# Unsupervised Machine Learning

- Unsupervised learning is a type of machine learning that learns from unlabeled data.
- This means that the data does not have any pre-existing labels or catogeries.
- The goal of unsupervised learning is to discover patterns and relationships in the data without any explicit guidance.

### What is Unsupervised Machine Learning?
Unsupervised Learning is a type of Machine Learning where:
- The model learns from unlabeled data.
- No predefined output or target (y) is provided.
- The goal is to discover patterns, groupings, or structure in the data.

🧠 It is like giving a machine a box of mixed puzzle pieces without the picture on the box and asking it to organize or group them.

### Key Goals of Unsupervised Learning

| Task                      | Goal                                  |
| ------------------------- | ------------------------------------- |
| Clustering                | Group similar data points             |
| Dimensionality Reduction  | Reduce the number of input variables  |
| Anomaly Detection         | Identify unusual data points          |
| Association Rule Learning | Discover relationships among features |


![image.png](attachment:image.png)

![image.png](attachment:image.png)

![image.png](attachment:image.png)

| Feature  | Supervised Learning        | Unsupervised Learning        |
| -------- | -------------------------- | ---------------------------- |
| Data     | Labeled                    | Unlabeled                    |
| Goal     | Predict outcome            | Discover hidden patterns     |
| Examples | Classification, Regression | Clustering, PCA              |
| Output   | y (known)                  | Structure or group (unknown) |


![image.png](attachment:image.png)![image-2.png](attachment:image-2.png)

# Types of Unsupervised Machine Learning

![image.png](attachment:image.png)

##  Clustering

### What is clusturing
-  Clustering is an unsupervised learning technique that groups similar data points together without using labels.
- Goal: Find natural groupings (clusters) in the data.
- Real-Life Analogy: Organizing books in a library into shelves based on content without knowing their genres beforehand.

### Types of Clustering Algorithms

#####  A. Partition-Based Clustering

| Type                       | Description                                                             |
| -------------------------- | ----------------------------------------------------------------------- |
| **K-Means**                | Divides data into `k` clusters by minimizing the distance to centroids. |
| **K-Medoids (PAM)**        | Uses actual points (medoids) instead of average centroids.              |
| **K-Modes / K-Prototypes** | Used for categorical or mixed data types.                               |

- ✅ When to Use: You know the approximate number of clusters.

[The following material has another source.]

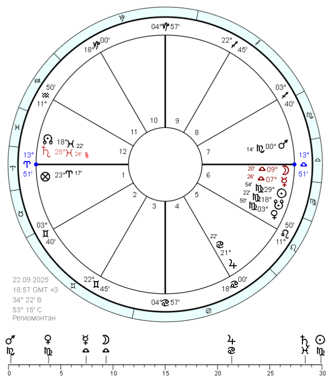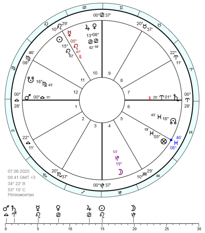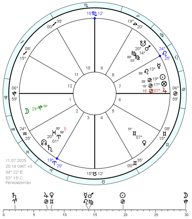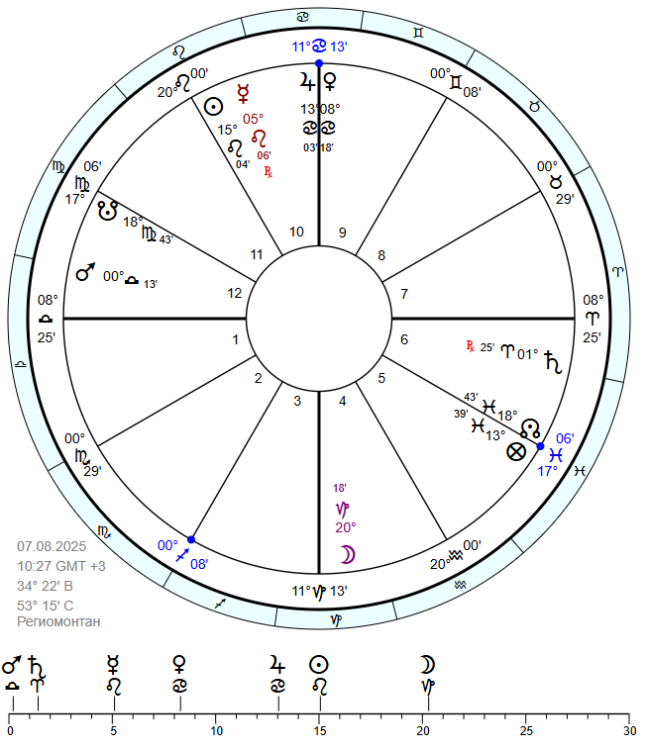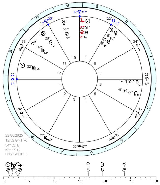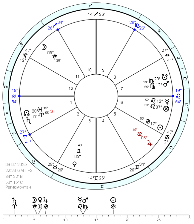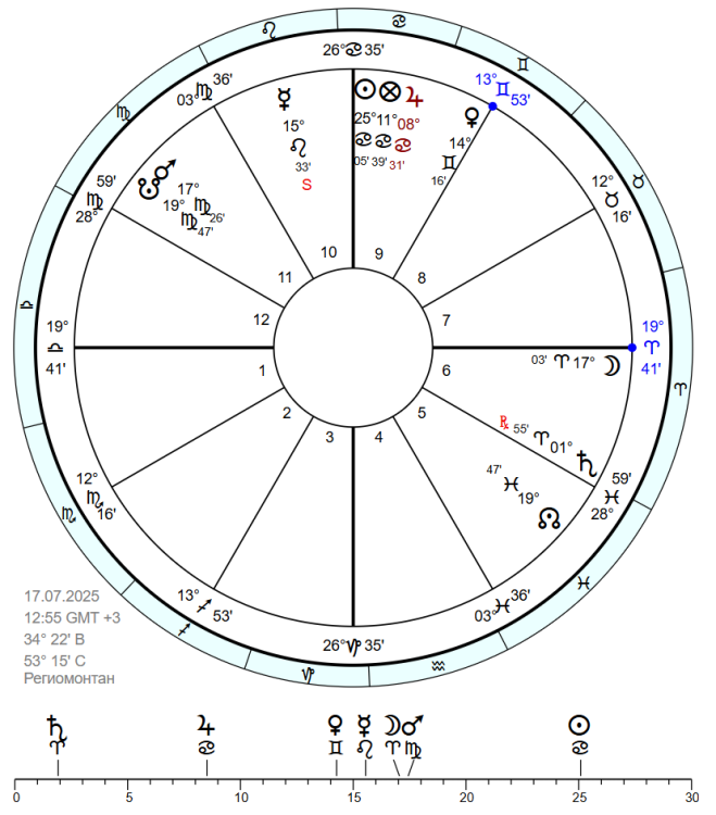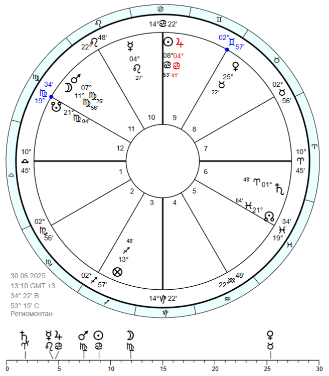 Если событие уже запланировано, но оно по какой-то причине не состоится, карта должна показать запрет для этого события. Ваша карта не выделяет 9 дом путешествий и скорее радикальна на какие-то финансовые вопросы. Карта на время и место астролога 30.06.2025 13:10 34E22 53N15 +3 Если учитывать, что антис Венеры соединен с Меркурием, управителем 9 дома, а также Луна выделяет Меркурий, то можно считать, 9 дом выделен. Какого-то запрета, который связан с Меркурием или Венерой У1 в карте не наблюдается. Отсутствие аспекта между Меркурием и планетами кверента не является запретом - событие уже запланировано, нам не нужно искать аспект. Значит, отпуск состоится. В карте есть соединение звезды Виндемиатрикс с Асцендентом. Обычно она имеет значение в вопросах отношений и, скорее всего, не особо значима по этому вопросу. Возможно, что она покажет какую-то "ложку дегтя", но в целом на вопрос состоится ли поездка влиять не должна.

#####  B. Density-Based Clustering

| Type        | Description                                                         |
| ----------- | ------------------------------------------------------------------- |
| **DBSCAN**  | Forms clusters based on high-density areas. Detects noise/outliers. |
| **OPTICS**  | Improves DBSCAN for variable density.                               |
| **HDBSCAN** | Hierarchical version of DBSCAN; automatic cluster selection.        |

- ✅ When to Use: Irregular cluster shapes, noise, unknown k.

##### C. Hierarchical Clustering

| Type                          | Description                                               |
| ----------------------------- | --------------------------------------------------------- |
| **Agglomerative** (Bottom-Up) | Starts with individual points, merges them into clusters. |
| **Divisive** (Top-Down)       | Starts with all points as one big cluster, splits them.   |
| **BIRCH**                     | Efficient for large datasets using a tree structure.      |

- ✅ When to Use: Want a dendrogram (tree-like structure) or multilevel clustering.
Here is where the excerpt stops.